Verdaderas emergencias veterinarias

Los perros pueden ser muy estoicos, y puede ser difícil saber si tienen dolor o se sienten mal. Lo mejor que puede hacer es prestarle mucha atención a su perro cuando está sano – note las cosas sutiles, como la forma en que sostiene su cuerpo, la calidad de su pelaje, la vitalidad de sus ojos – para que pueda notar cuando no se siente bien.

Aquí hay algunas banderas rojas que, dependiendo de la situación, pueden hacer que busques una intervención veterinaria.

VOMITOS Y DIARREA. Al igual que el resto de nosotros, los perros pueden coger virus, o comer algo que les moleste el estómago. Lo más probable es que el suyo eventualmente experimente algún disturbio intestinal que se aclare tan rápido como apareció.

Dicho esto, el vómito y/o la diarrea pueden ser síntomas de una serie de enfermedades graves, desde una enfermedad infecciosa como el parvovirus hasta una obstrucción intestinal. Preste mucha atención a la frecuencia con la que su perro se enferma y al aspecto del vómito o la diarrea; por ejemplo, ¿ve sangre? En caso de duda, acuda al veterinario.

FALTA DE APTITUD. Vivo con una manada de chow hounds no arrepentidos. Ellos harán countersurf, lamerán el contenido del lavavajillas, básicamente venderán sus almas por un bocado de algo comestible. Cuando uno de ellos rechaza la comida, sé que algo va mal. Muy mal.

Si uno de mis perros se vuelve “inepto”, lo observo muy de cerca.
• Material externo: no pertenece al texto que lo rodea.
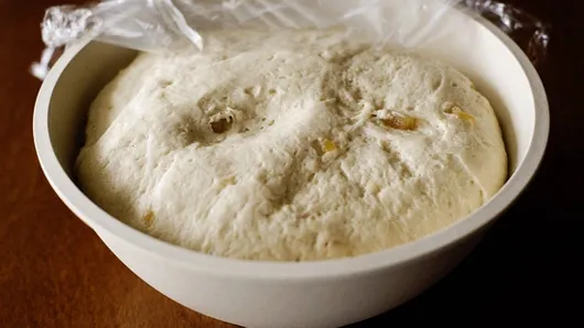 Step2Add flour, salt, nutmeg, cinnamon and 1/2 cup ginger. With dough hook attachment, knead until dough no longer sticks to side of bowl and is elastic, about 5 minutes. Grease another large bowl with shortening or cooking spray. Place dough in bowl, turning dough to grease all sides. Cover loosely with plastic wrap; let rise in warm place about 1 hour 30 minutes or until dough has doubled in size.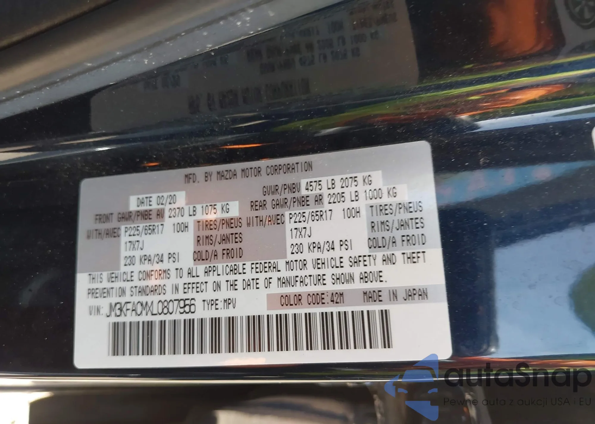 • VIN JM3KFACMXL0807956

A veces realmente ha comido algo que no le gusta, pero si ese es el caso, en pocas horas suele recuperar el gusto por la comida. Si no lo hace en un período de tiempo razonable – máximo 24 horas, normalmente la mitad de eso, dependiendo de su apariencia general y comportamiento – se va al veterinario.

Su perro puede ser más quisquilloso que el mío, así que dejar de comer por un día o dos puede ser menos peligroso para usted. Como siempre, se trata de conocer a su perro, y lo que es normal para ella.

ALTA FIESTA. La única manera de confirmar que su perro tiene fiebre es tomarle la temperatura. Ya que los mordiscos del termómetro hacen que una lectura oral sea muy poco práctica, tendrá que hacerlo por vía rectal. Por razones obvias, designe un termómetro en particular para este propósito. (Escribo la palabra “PERROS” en grandes letras de marcador negro en la carcasa de plástico transparente.)

La temperatura normal del cuerpo de un perro es más alta que la de un humano – entre 101 y 102,5 F. Una preocupación si la temperatura comienza a subir más allá de eso es una infección de algún tipo. Un examen veterinario, muy probablemente seguido de un análisis de sangre, es una necesidad.

GUMS PÁLIDO. No pensamos a menudo en ello, pero las encías de un perro son un excelente barómetro de su salud. Deberían tener un bonito tono rosado, piensa en el chicle.

Míralos ahora, cuando tu perro se sienta bien, para tener una idea de cómo deberían ser. Cuando presione el dedo sobre la goma de mascar de su perro, debería volverse blanca y luego rosa, ya que la sangre rellena el tejido. (Supongo que su perro se siente cómodo con este tipo de manejo. Si no lo está, no se estresen ninguno de los dos, pero busquen un entrenador para que trabaje en hacer que acepte el manejo y el aseo simples).

Las encías que se ven blancas, grises o púrpuras son una señal de que algo anda mal.

BUSCANDO “OFF”. Esta es probablemente la evaluación más “blanda” de todas, pero podría decirse que es una de las más importantes. Vives con tu perro día a día, y sabes cuando “no actúa como él mismo”. Puede ser algo muy sutil, como un poco de desánimo en su actitud, o un enganche apenas visible en su andar. No subestimes tu instinto: si crees que algo está mal, probablemente lo esté.